About Me

Ithaca, New York
MWF, now officially 42, loves long walks on the beach and laughing with friends ... oh, wait. By day, I'm a mid-level university administrator reluctant to be more specific on a public forum. Nights and weekends, though, I'm a homebody with strong nerdist leanings. I'm never happier than when I'm chatting around the fire, playing board games, cooking up some pasta, and/or road-tripping with my family and friends. I studied psychology and then labor economics in school, and I work in higher education. From time to time I get smug, obsessive, or just plain boring about some combination of these topics, especially when inequality, parenting, or consumer culture are involved. You have been warned.

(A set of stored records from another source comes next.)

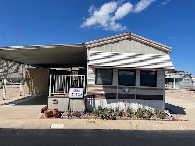 Open kitchen with updated appliances, Southwest styling throughout. Lots of storage space both inside and out. Full awning on 1 side for deck, carport, and shed. Great location next to the pool and clubhouse.
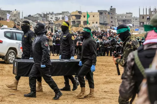 hamas trumpin aciklamalarindan sonra israilli esirlerin cenazelerini teslim etmeye basladi KFIGCMVg.jpg
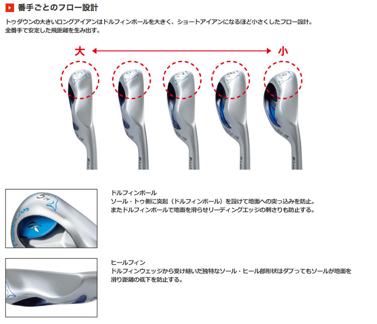 ドルフィンウェッジの抜けの良さを継承。番手ごとにソール形状をフロー設計し、安定した飛距離を生み出す。
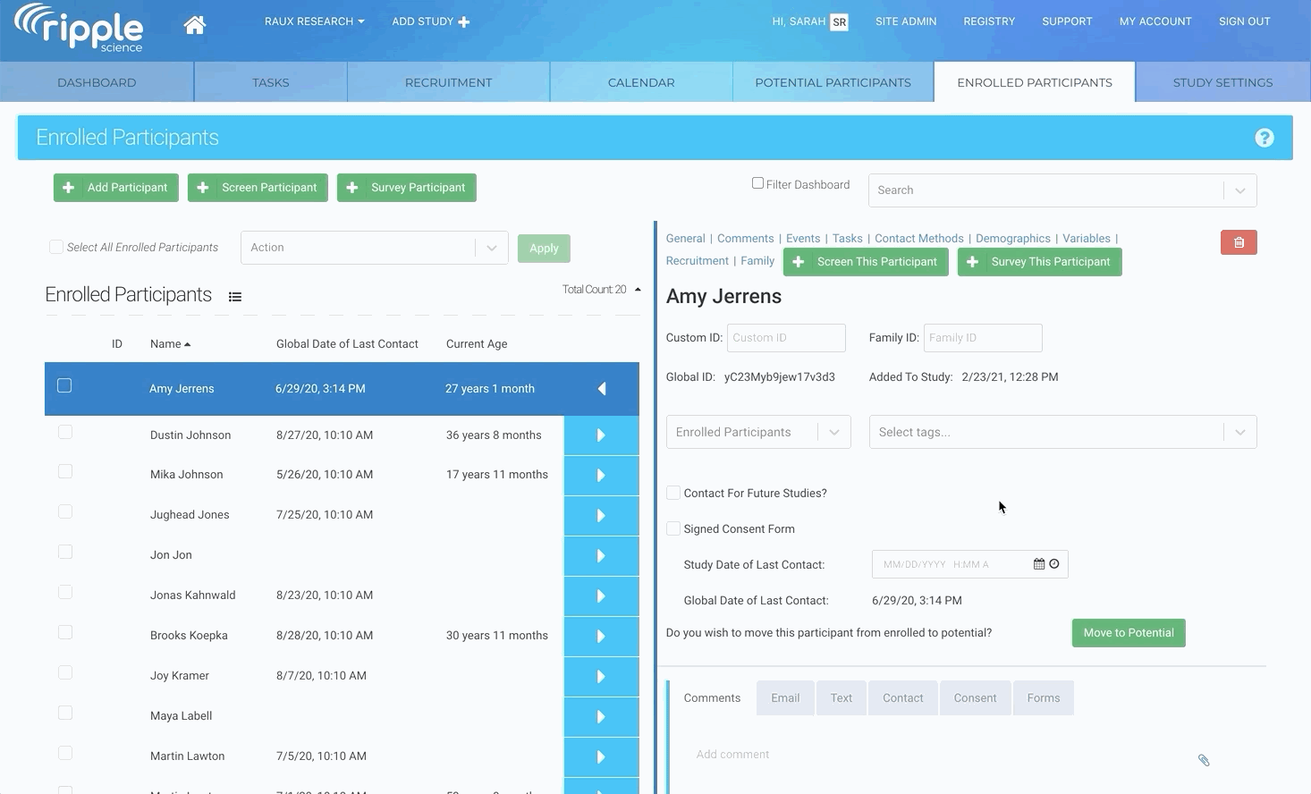 This feature helps ensure participant records remain accurate, up-to-date, and aligned with study requirements.
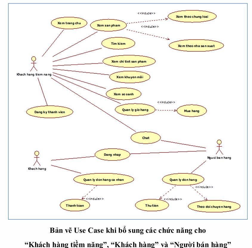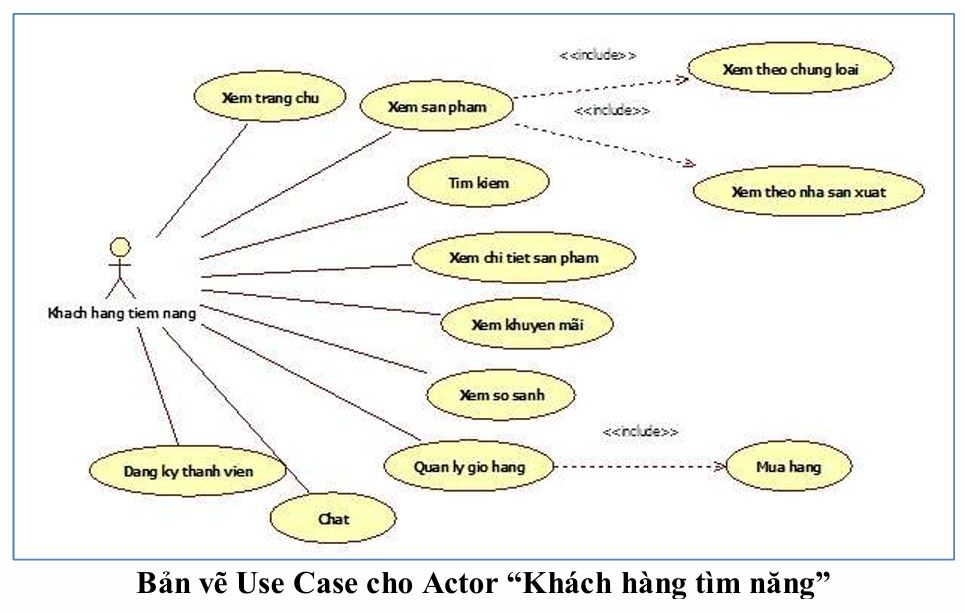 Như vậy, chúng ta đã có các Actor của hệ thống gồm: Khách hàng tiềm năng, khách hàng, Quản lý bán hang, Người bán hàng, Quản lý Kho, Quản trị hệ thống, Cổng thanh toán
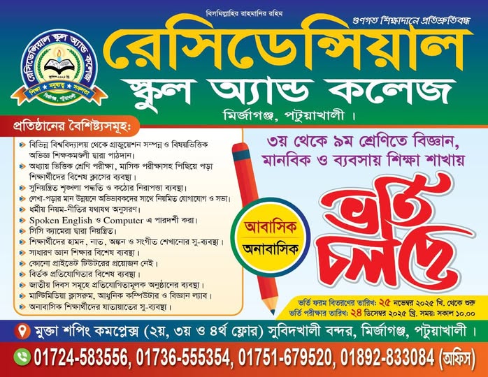 রেসিডেন্সিয়াল স্কুল অ্যান্ড কলেজ একটি আধুনিক ও মানসম্মত শিক্ষাপ্রতিষ্ঠান, যা ২০২৫ সালে প্রতিষ্ঠিত হয়। প্রতিষ্ঠার পর থেকেই আমরা শিক্ষার্থীদের জন্য একটি নিরাপদ, সুশৃঙ্খল ও শিক্ষাবান্ধব পরিবেশ গড়ে তোলার লক্ষ্য নিয়ে এগিয়ে চলেছি।
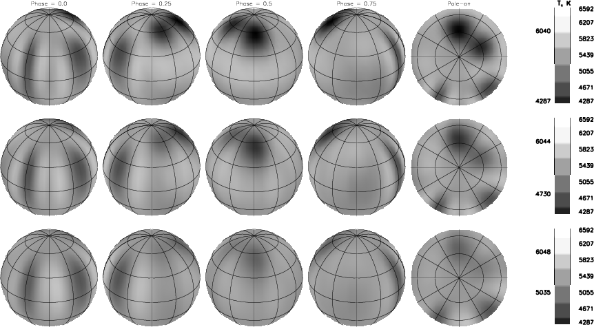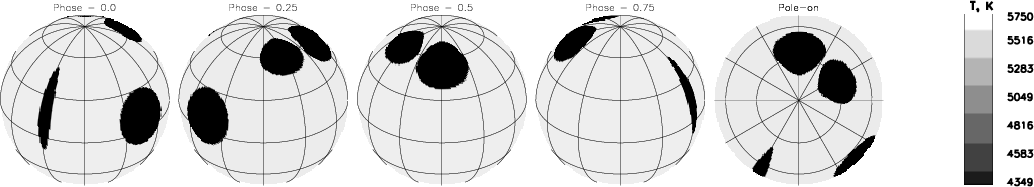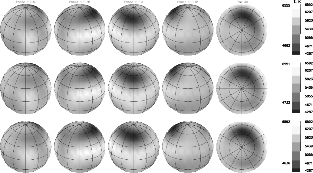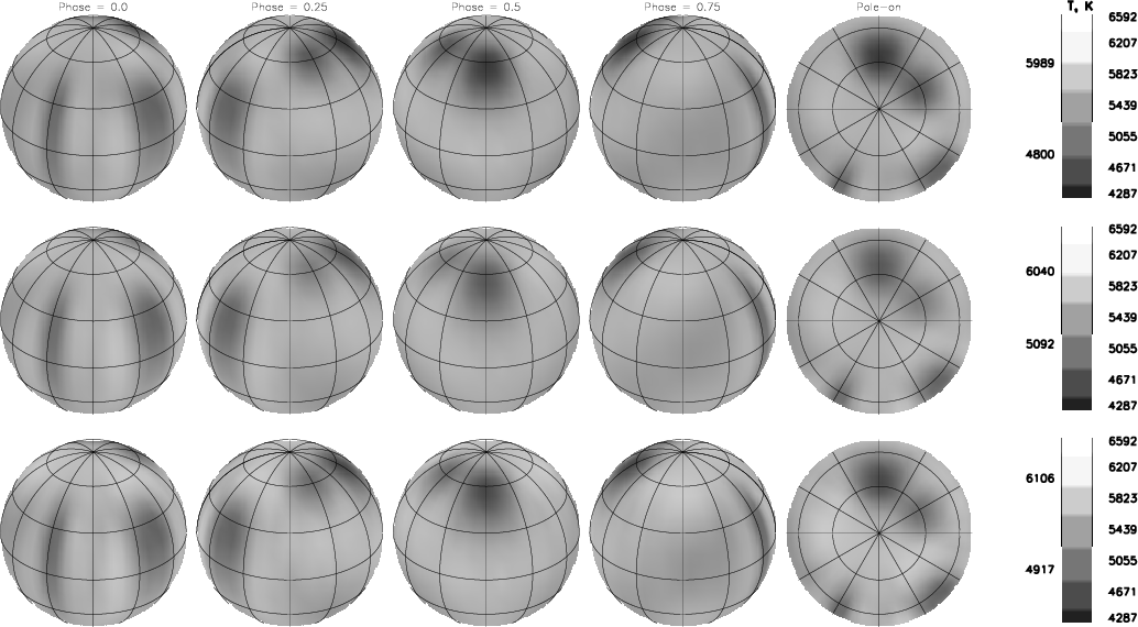 The resulting surface temperature map of V889 Her obtained with the Occamian approach with LSD is shown in Fig. 17 and, for comparison, the map obtained without LSD from the same data is shown in Fig. 18. As seen from the maps, the temperature range is smaller for the case with LSD than without it. However, the spot occupancy does not change dramatically. The polar spot recovered with LSD is more compact than the one recovered without LSD and is comparable with the one by Jeffers & Donati (2008) obtained from data taken only about a month earlier.
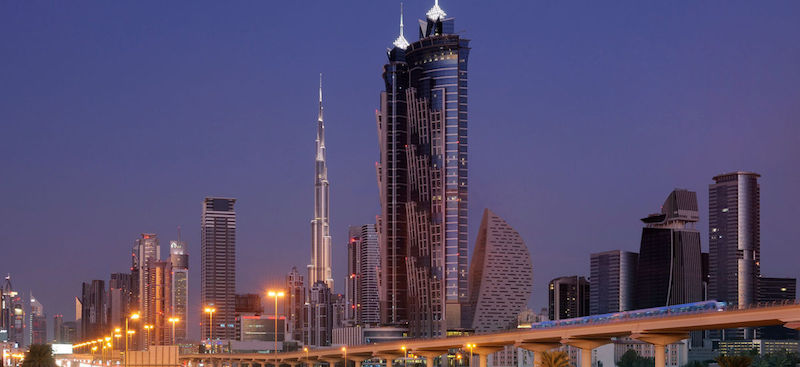 The record belongs to the JW Marriott Marquis Hotel, which stands at 355.35 m from the ground level to the top, the hotel itself is actually made up of two towers, each with 77 floors.
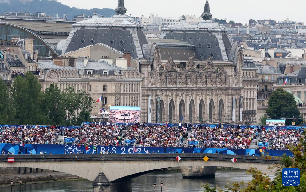 7月26日,觀眾在塞納河邊觀看開幕式。新華社記者 任正來 攝
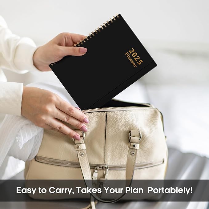 - Functionality Perfected, Style Exemplified: Revel in the embrace of 6.3" x 8.5" 2025 planner weekly and monthly, thick paper that exudes quality, and a hardcover cover adapting seamlessly to your lifestyle. Let monthly tabs and strong twin-wire binding elevate your planning journey, while the elastic band adds convenience for easy use. Contacts, a 2025 Yearly Overview, Reference Calendars, and 2025 Holidays enrich your journey.
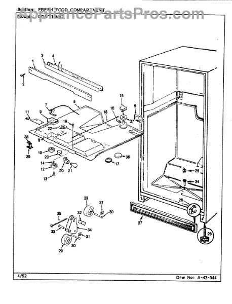 This factory screw secures appliance components to their mounting points. Replace missing, worn, or stripped hardware to restore a tight fit, proper alignment, and quieter operation across the affected assembly.
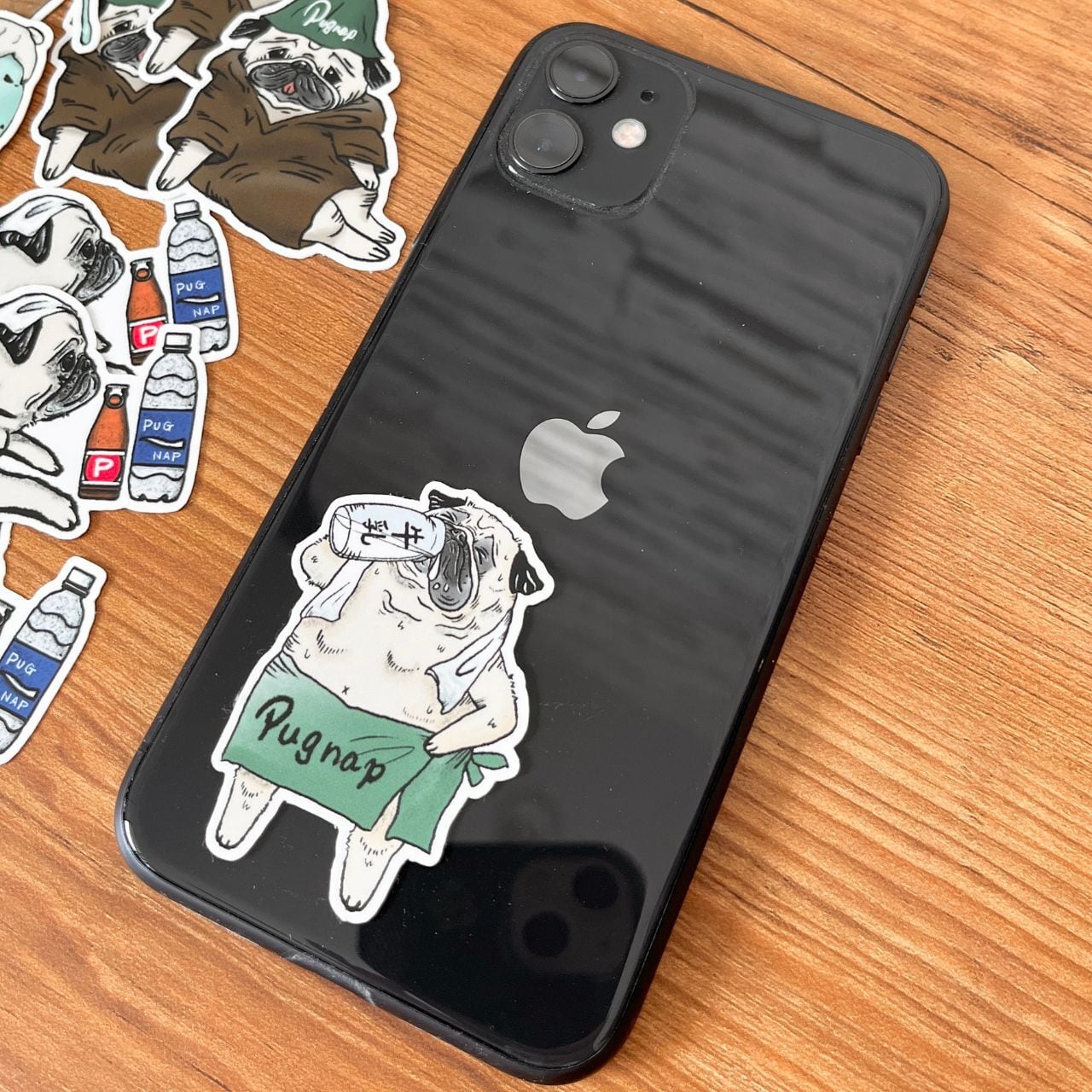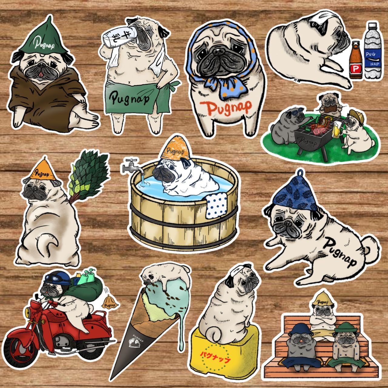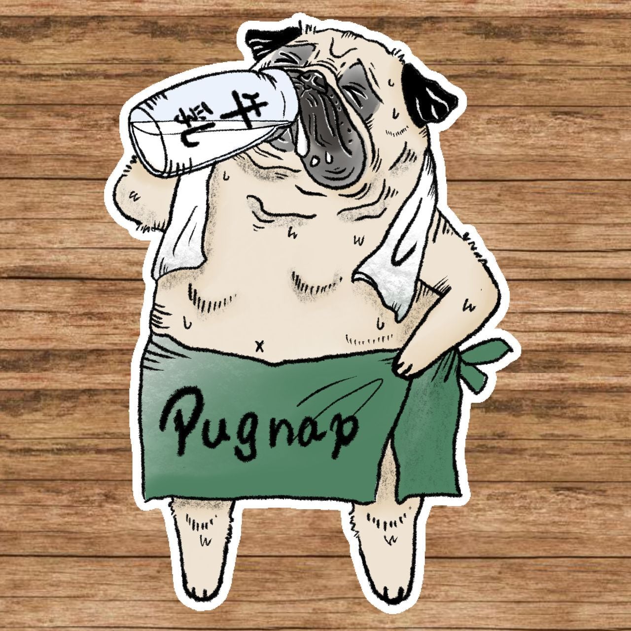 湯上がりに牛乳を一気飲みするパグがデザイン。
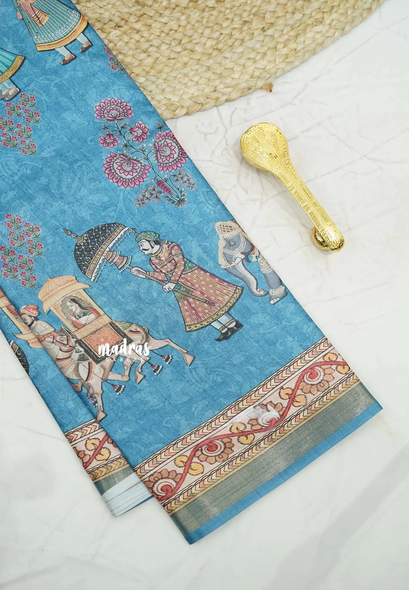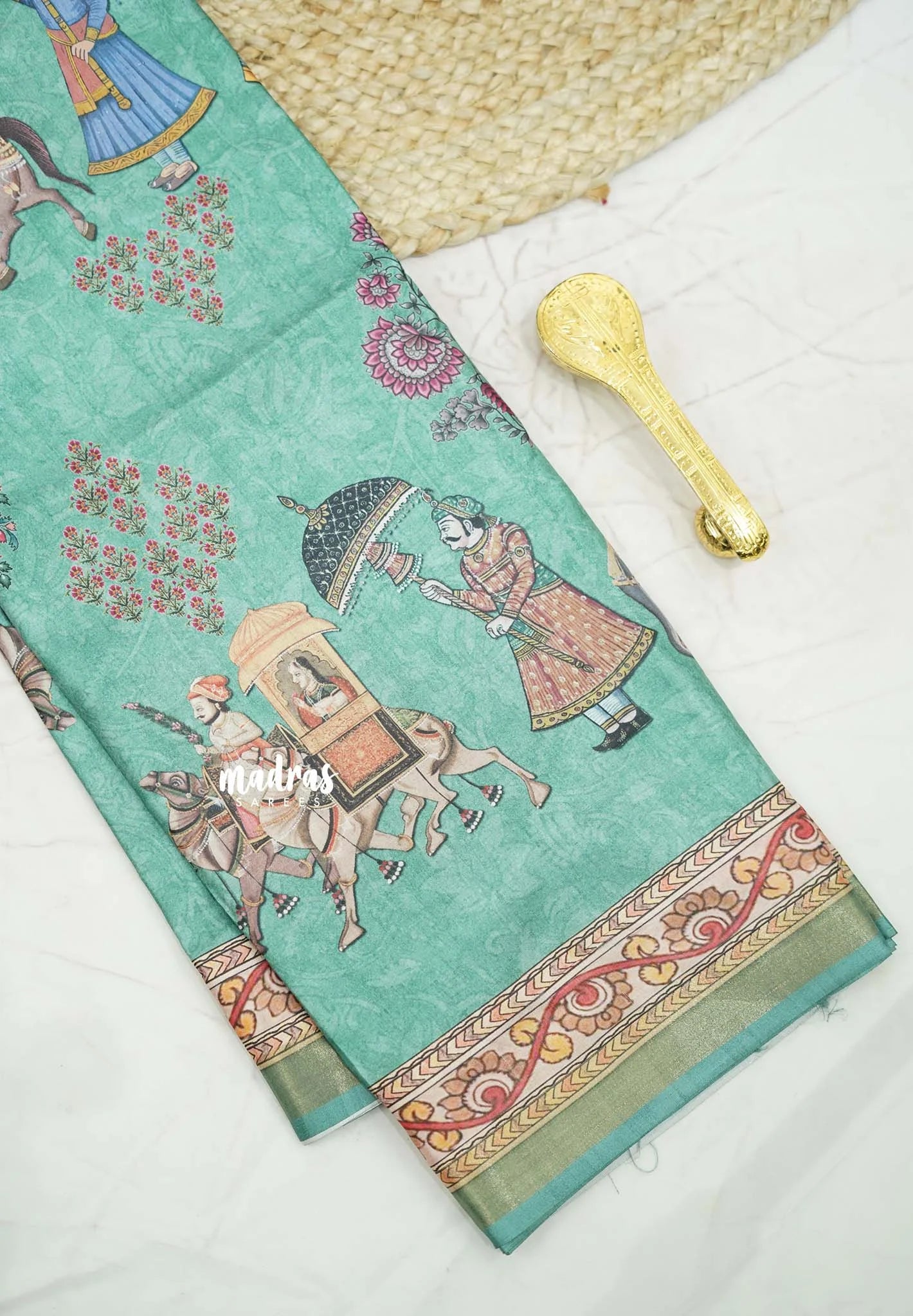 A **premium printed silk saree** is made from high-quality silk with intricate, vibrant prints. It features a smooth, lustrous texture and drapes elegantly. Printed using techniques like screen or digital printing, these sarees are perfect for special occasions, offering both luxury and comfort. Ideal for festivals and parties, they are often paired with matching blouses and accessories for a sophisticated look.

Saturday, October 22, 2011

#86: The Gap Year

The Gap Year, by Sarah Bird (New York: Alfred A. Knopf, 2011)

Summary:
"From the widely-praised author of The Yokota Officers Club and The Flamenco Academy, a novel as hilarious as it is heartbreaking about a single mom and her seventeen-year-old daughter learning how to let go in that precious moment before college empties the nest.

"In The Gap Year, told with perfect pitch from both points of view, we meet Cam Lightsey, lactation consultant extraordinaire, a divorcee still secretly carrying a torch for the ex who dumped her, a suburban misfit who's given up her rebel dreams so her only child can get a good education.

"We also learn the secrets of Aubrey Lightsey, tired of being the dutiful, grade-grubbing band geek, ready to explode from wanting her 'real' life to begin, trying to figure out love with boys weaned on Internet porn.

"When Aubrey meets Tyler Moldenhauer, football idol-sex god with a dangerous past, the fuse is lit. Late bloomer Aubrey metastasizes into Cam's worst silent, sullen teen nightmare, a girl with zero interest in college. Worse, on the sly Aubrey's in touch with her father, who left when she was two to join a celebrity-ridden nutball cult.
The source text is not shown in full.